(How to complete this task): Give again, word for word, only the lines of the material below from its first line through the one that holds "Соедините яйца и"; pictures stay out.

(Listed records):
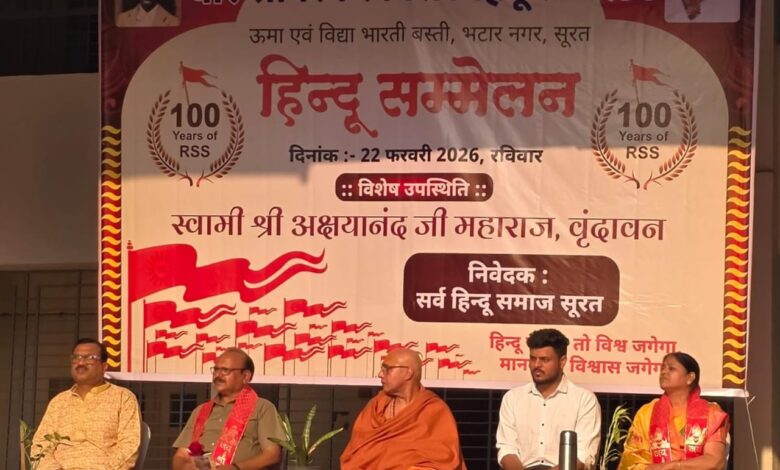 सूरत। विश्व के सबसे बड़े स्वयंसेवी संगठन राष्ट्रीय स्वयंसेवक संघ के शताब्दी वर्ष (100 वर्ष ) पूर्ण होने के उपलक्ष में उमा एवं विधा भारती बस्ती,भटार नगर द्वारा वीर सावरकर विराट हिंदू सम्मेलन का आयोजन रविवार को शाम 4:30 बजे से श्री उत्तर गुजरात स्कूल में मनाया गया. संघ कार्यकर्ता बसंत खैतान ने बताया कि इस अवसर पर मुख्य अतिथि वृंदावन धाम से विशेष रूप से पधारें स्वामी श्री अक्षयानंद जी महाराज,मुख्य वक्ता कुटुंब प्रबोधन के सुरत महानगर संयोजक श्री ओमप्रकाश जी मोदी एवं अतिथि विशेष के रूप में पारस जी चपलोत,मधु जी जालान,हर्ष भाई शैलेश कुमार जी,उपस्तिथ रहे. इस अवसर पर काफ़ी संख्या में हिंदू समाज की माताएँ,बहनें एवं युवा साथी उपस्तिथ रहे.उपस्तीथ वक्ताओ ने संघ की 100 वर्ष की यात्रा पर विस्तार से जानकारियाँ साझा की.
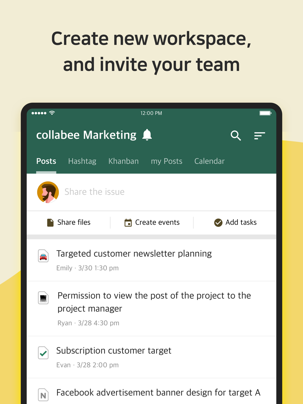 collabee is a team collaboration software that lets your team communicate, manage tasks and events, and share files, all in one page.
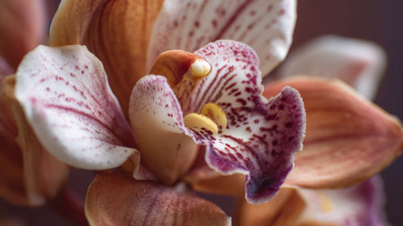 A captivating close-up view of an orchid flower revealing intricate patterns and soft colors. This image embodies beauty and elegance suitable for various design projects.
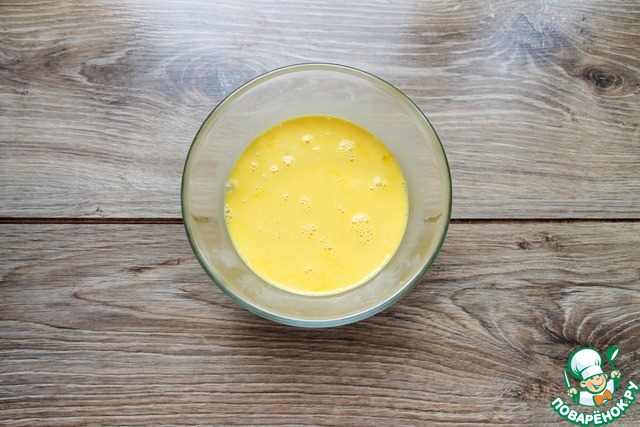 Соедините яйца и сливки, посолите и перемешайте до однородности.
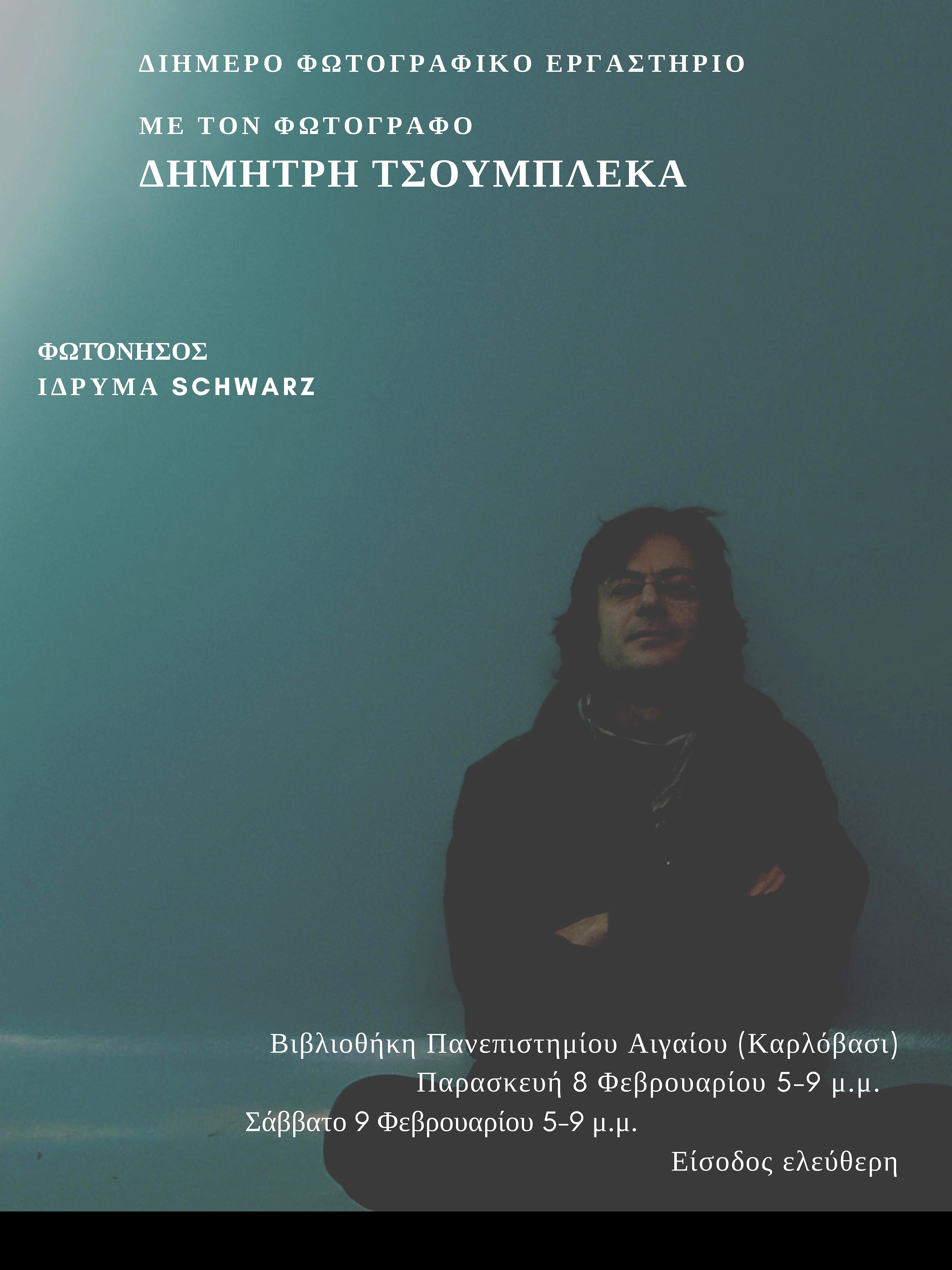 Διήμερο φωτογραφικό εργαστήριο με τον φωτογράφο Δημήτρη Τσουμπλέκα θα πραγματοποιηθεί στη Βιβλιοθήκη του Πανεπιστημίου Αιγαίου στο Καρλόβασι την Παρασκευή 8 Φεβρουαρίου (5-9 μμ) και το Σάββατο 9 Φεβρουαρίου (5-9 μμ) και απευθύνεται σε όλους όσοι ενδιαφέρονται για τη φωτογραφία. Η εκδήλωση συνδιοργανώνεται από το Ίδρυμα Schwarz, τη Φωτογραφική Ομάδα "Φωτόνησος" και το Παράρτημα Βιβλιοθήκης Σάμου του Πανεπιστημίου Αιγαίου. Η είσοδος είναι ελεύθερη για το κοινό.
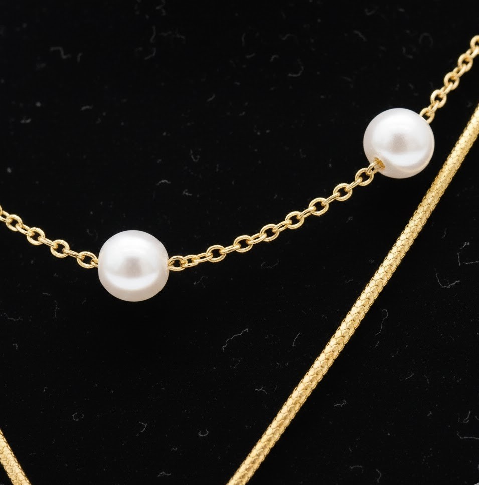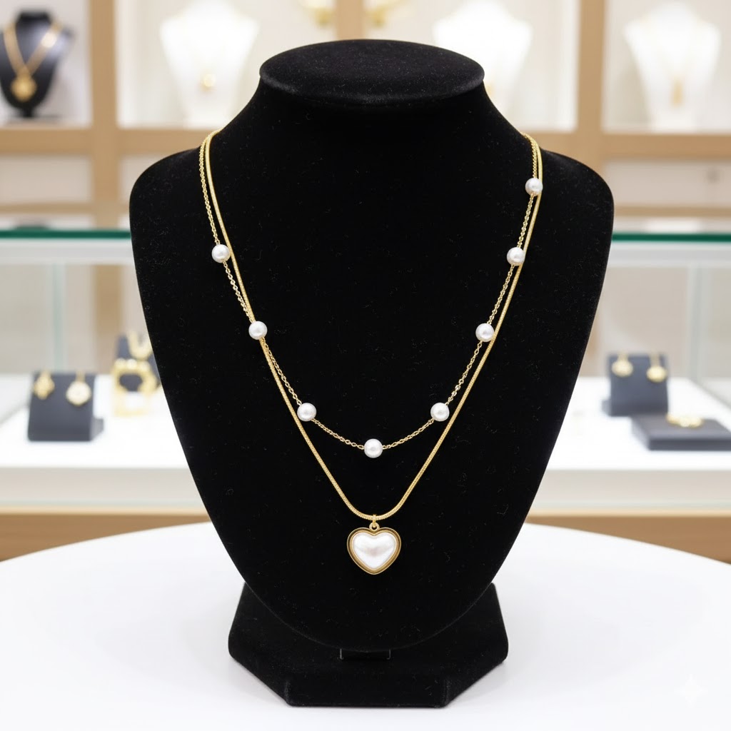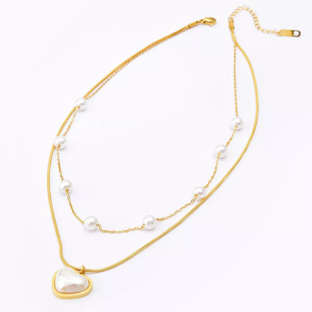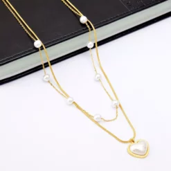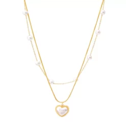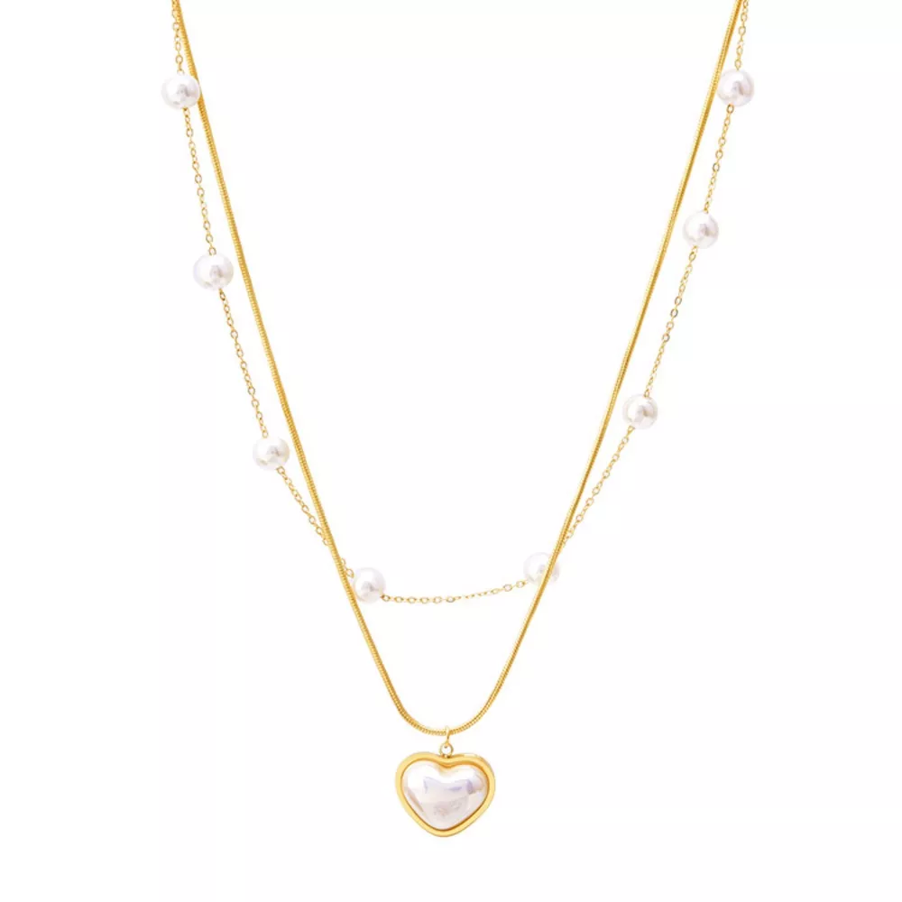 Maison Accessoire – Collier doré avec perles a motif cœur blanc

(Written answer):
 सूरत। विश्व के सबसे बड़े स्वयंसेवी संगठन राष्ट्रीय स्वयंसेवक संघ के शताब्दी वर्ष (100 वर्ष ) पूर्ण होने के उपलक्ष में उमा एवं विधा भारती बस्ती,भटार नगर द्वारा वीर सावरकर विराट हिंदू सम्मेलन का आयोजन रविवार को शाम 4:30 बजे से श्री उत्तर गुजरात स्कूल में मनाया गया. संघ कार्यकर्ता बसंत खैतान ने बताया कि इस अवसर पर मुख्य अतिथि वृंदावन धाम से विशेष रूप से पधारें स्वामी श्री अक्षयानंद जी महाराज,मुख्य वक्ता कुटुंब प्रबोधन के सुरत महानगर संयोजक श्री ओमप्रकाश जी मोदी एवं अतिथि विशेष के रूप में पारस जी चपलोत,मधु जी जालान,हर्ष भाई शैलेश कुमार जी,उपस्तिथ रहे. इस अवसर पर काफ़ी संख्या में हिंदू समाज की माताएँ,बहनें एवं युवा साथी उपस्तिथ रहे.उपस्तीथ वक्ताओ ने संघ की 100 वर्ष की यात्रा पर विस्तार से जानकारियाँ साझा की.
 collabee is a team collaboration software that lets your team communicate, manage tasks and events, and share files, all in one page.
 A captivating close-up view of an orchid flower revealing intricate patterns and soft colors. This image embodies beauty and elegance suitable for various design projects.
 Соедините яйца и сливки, посолите и перемешайте до однородности.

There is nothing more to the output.